A division bench of Justices Gautam Patel and Neela Gokhale was hearing a petition filed by Jay Rikame and 156 other students, who had appeared for the CET, through their advocate Satish talekar.
The bench has asked the CET cell to file its reply by July 7 and the petitioners have been directed to file their rejoinder (affidavit in reply to MH-CET reply). The HC has kept the petition for hearing on July 10.
The petitioner students sought quashing of the admission process and CET results alleging that the entrance exam was held in an arbitrary manner which affected several students.

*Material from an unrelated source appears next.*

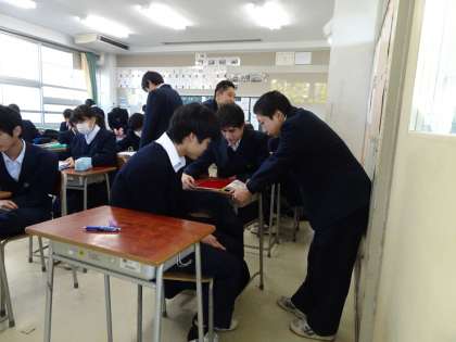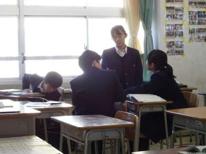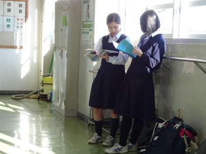 朝の教室や廊下の様子です。今日の期末考査に向けて試験範囲の最終確認をしていました。(遠藤)

During the hearing on Monday, Advocate General Birendra Saraf informed the HC that due to technical glitches during the entrance test of the first batch, they provided an option for a retest and several students opted for the same. He pointed out that some of the petitioners had appeared for the retest. He alleged that they waited for the results, and since it was not in their favour, they moved the court.
The CET cell conducts the test in four batches with 30,000 students in each batch. The question papers are different for each batch. And results are declared in percentile, which is different for each batch.
However, Talekar countered saying that as per the rules the number of students have to be the same in each batch. However, in the retest, which is considered as the fifth batch, there were approximately 11,000 students. Because of this selective retest there has been an unequal distribution of students in five slots. As a result, the students who are otherwise meritorious, are lagging in the merit list. Further, normalisation of marks cannot be done, said Talekar.
Saraf pointed out that some students had approached the HC in April after the entrance test seeking retest due to technical glitches. The cell had then made a statement that it will conduct a retest, which again is being challenged by some students. Following CET cell’s statement, the HC had disposed of that petition.
Talekar argued that when the CET cell said that it will conduct a retest, it was understood to be retest for all the students and not for a selective few.
"The CET Cell did not honour its statement that a fresh CET is being conducted, made before this Hon’ble Court in the earlier round of litigation, particularly when the earlier petition was disposed off in light of such statement. As a result the very objective behind approaching this Hon’ble court stood frustrated," the petition read.